*** DATA TO PROCESS Section Begins ***

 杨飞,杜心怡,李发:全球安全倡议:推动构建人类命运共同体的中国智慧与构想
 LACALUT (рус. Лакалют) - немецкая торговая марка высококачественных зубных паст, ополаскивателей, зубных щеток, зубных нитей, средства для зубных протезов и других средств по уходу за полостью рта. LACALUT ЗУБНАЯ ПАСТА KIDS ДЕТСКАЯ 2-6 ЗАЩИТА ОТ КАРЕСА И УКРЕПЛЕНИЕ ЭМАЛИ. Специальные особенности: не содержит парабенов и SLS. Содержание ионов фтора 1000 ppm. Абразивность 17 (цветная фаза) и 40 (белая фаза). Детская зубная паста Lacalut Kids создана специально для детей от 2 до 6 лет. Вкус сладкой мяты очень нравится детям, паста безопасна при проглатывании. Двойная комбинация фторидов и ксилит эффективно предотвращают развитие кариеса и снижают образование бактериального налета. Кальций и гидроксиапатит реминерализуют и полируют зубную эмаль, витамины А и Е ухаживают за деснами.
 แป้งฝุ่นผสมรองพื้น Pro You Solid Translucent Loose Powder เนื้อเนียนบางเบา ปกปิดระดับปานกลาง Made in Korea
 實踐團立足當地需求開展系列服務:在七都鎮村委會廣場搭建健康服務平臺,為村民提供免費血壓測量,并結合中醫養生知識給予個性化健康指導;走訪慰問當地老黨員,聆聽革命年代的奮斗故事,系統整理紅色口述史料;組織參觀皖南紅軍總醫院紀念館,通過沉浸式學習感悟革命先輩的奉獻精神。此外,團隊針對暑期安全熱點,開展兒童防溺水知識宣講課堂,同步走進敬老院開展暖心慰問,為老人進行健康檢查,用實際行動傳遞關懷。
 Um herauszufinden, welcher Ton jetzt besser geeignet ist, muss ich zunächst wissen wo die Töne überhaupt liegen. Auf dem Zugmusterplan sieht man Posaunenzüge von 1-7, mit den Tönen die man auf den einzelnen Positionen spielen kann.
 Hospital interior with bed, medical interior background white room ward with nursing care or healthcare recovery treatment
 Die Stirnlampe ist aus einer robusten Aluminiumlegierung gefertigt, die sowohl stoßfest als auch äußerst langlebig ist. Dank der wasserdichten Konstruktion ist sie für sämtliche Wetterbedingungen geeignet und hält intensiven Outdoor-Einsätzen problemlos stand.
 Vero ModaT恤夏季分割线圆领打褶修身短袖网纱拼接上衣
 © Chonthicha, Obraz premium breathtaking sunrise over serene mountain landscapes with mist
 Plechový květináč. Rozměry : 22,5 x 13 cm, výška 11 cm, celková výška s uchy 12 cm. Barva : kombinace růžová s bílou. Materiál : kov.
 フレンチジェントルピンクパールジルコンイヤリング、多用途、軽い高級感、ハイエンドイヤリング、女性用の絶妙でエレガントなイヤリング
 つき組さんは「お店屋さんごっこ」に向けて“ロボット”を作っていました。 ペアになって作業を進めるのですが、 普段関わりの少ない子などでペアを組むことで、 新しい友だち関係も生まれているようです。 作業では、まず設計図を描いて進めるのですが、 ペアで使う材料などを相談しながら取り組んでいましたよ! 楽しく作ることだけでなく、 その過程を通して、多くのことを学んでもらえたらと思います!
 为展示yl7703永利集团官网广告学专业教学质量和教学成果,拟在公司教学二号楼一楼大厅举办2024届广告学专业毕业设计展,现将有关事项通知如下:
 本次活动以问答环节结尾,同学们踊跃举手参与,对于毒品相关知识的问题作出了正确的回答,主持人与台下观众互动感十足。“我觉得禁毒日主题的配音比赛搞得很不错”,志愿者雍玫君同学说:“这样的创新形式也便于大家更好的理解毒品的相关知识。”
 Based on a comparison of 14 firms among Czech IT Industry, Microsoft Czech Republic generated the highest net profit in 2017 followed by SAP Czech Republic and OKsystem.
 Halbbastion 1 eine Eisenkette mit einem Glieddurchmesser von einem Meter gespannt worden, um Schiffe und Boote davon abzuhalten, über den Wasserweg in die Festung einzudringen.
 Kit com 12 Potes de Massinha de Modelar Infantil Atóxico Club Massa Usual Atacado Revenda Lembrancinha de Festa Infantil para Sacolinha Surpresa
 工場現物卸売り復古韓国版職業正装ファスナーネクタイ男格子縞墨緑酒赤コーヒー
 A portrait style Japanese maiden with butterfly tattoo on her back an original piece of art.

*** DATA TO PROCESS Section Ends ***

■ WHAT YOU WILL DO
Down to the last line, give the records again exactly.

■ COMPLETED EXERCISE
 杨飞,杜心怡,李发:全球安全倡议:推动构建人类命运共同体的中国智慧与构想
 LACALUT (рус. Лакалют) - немецкая торговая марка высококачественных зубных паст, ополаскивателей, зубных щеток, зубных нитей, средства для зубных протезов и других средств по уходу за полостью рта. LACALUT ЗУБНАЯ ПАСТА KIDS ДЕТСКАЯ 2-6 ЗАЩИТА ОТ КАРЕСА И УКРЕПЛЕНИЕ ЭМАЛИ. Специальные особенности: не содержит парабенов и SLS. Содержание ионов фтора 1000 ppm. Абразивность 17 (цветная фаза) и 40 (белая фаза). Детская зубная паста Lacalut Kids создана специально для детей от 2 до 6 лет. Вкус сладкой мяты очень нравится детям, паста безопасна при проглатывании. Двойная комбинация фторидов и ксилит эффективно предотвращают развитие кариеса и снижают образование бактериального налета. Кальций и гидроксиапатит реминерализуют и полируют зубную эмаль, витамины А и Е ухаживают за деснами.
 แป้งฝุ่นผสมรองพื้น Pro You Solid Translucent Loose Powder เนื้อเนียนบางเบา ปกปิดระดับปานกลาง Made in Korea
 實踐團立足當地需求開展系列服務:在七都鎮村委會廣場搭建健康服務平臺,為村民提供免費血壓測量,并結合中醫養生知識給予個性化健康指導;走訪慰問當地老黨員,聆聽革命年代的奮斗故事,系統整理紅色口述史料;組織參觀皖南紅軍總醫院紀念館,通過沉浸式學習感悟革命先輩的奉獻精神。此外,團隊針對暑期安全熱點,開展兒童防溺水知識宣講課堂,同步走進敬老院開展暖心慰問,為老人進行健康檢查,用實際行動傳遞關懷。
 Um herauszufinden, welcher Ton jetzt besser geeignet ist, muss ich zunächst wissen wo die Töne überhaupt liegen. Auf dem Zugmusterplan sieht man Posaunenzüge von 1-7, mit den Tönen die man auf den einzelnen Positionen spielen kann.
 Hospital interior with bed, medical interior background white room ward with nursing care or healthcare recovery treatment
 Die Stirnlampe ist aus einer robusten Aluminiumlegierung gefertigt, die sowohl stoßfest als auch äußerst langlebig ist. Dank der wasserdichten Konstruktion ist sie für sämtliche Wetterbedingungen geeignet und hält intensiven Outdoor-Einsätzen problemlos stand.
 Vero ModaT恤夏季分割线圆领打褶修身短袖网纱拼接上衣
 © Chonthicha, Obraz premium breathtaking sunrise over serene mountain landscapes with mist
 Plechový květináč. Rozměry : 22,5 x 13 cm, výška 11 cm, celková výška s uchy 12 cm. Barva : kombinace růžová s bílou. Materiál : kov.
 フレンチジェントルピンクパールジルコンイヤリング、多用途、軽い高級感、ハイエンドイヤリング、女性用の絶妙でエレガントなイヤリング
 つき組さんは「お店屋さんごっこ」に向けて“ロボット”を作っていました。 ペアになって作業を進めるのですが、 普段関わりの少ない子などでペアを組むことで、 新しい友だち関係も生まれているようです。 作業では、まず設計図を描いて進めるのですが、 ペアで使う材料などを相談しながら取り組んでいましたよ! 楽しく作ることだけでなく、 その過程を通して、多くのことを学んでもらえたらと思います!
 为展示yl7703永利集团官网广告学专业教学质量和教学成果,拟在公司教学二号楼一楼大厅举办2024届广告学专业毕业设计展,现将有关事项通知如下:
 本次活动以问答环节结尾,同学们踊跃举手参与,对于毒品相关知识的问题作出了正确的回答,主持人与台下观众互动感十足。“我觉得禁毒日主题的配音比赛搞得很不错”,志愿者雍玫君同学说:“这样的创新形式也便于大家更好的理解毒品的相关知识。”
 Based on a comparison of 14 firms among Czech IT Industry, Microsoft Czech Republic generated the highest net profit in 2017 followed by SAP Czech Republic and OKsystem.
 Halbbastion 1 eine Eisenkette mit einem Glieddurchmesser von einem Meter gespannt worden, um Schiffe und Boote davon abzuhalten, über den Wasserweg in die Festung einzudringen.
 Kit com 12 Potes de Massinha de Modelar Infantil Atóxico Club Massa Usual Atacado Revenda Lembrancinha de Festa Infantil para Sacolinha Surpresa
 工場現物卸売り復古韓国版職業正装ファスナーネクタイ男格子縞墨緑酒赤コーヒー
 A portrait style Japanese maiden with butterfly tattoo on her back an original piece of art.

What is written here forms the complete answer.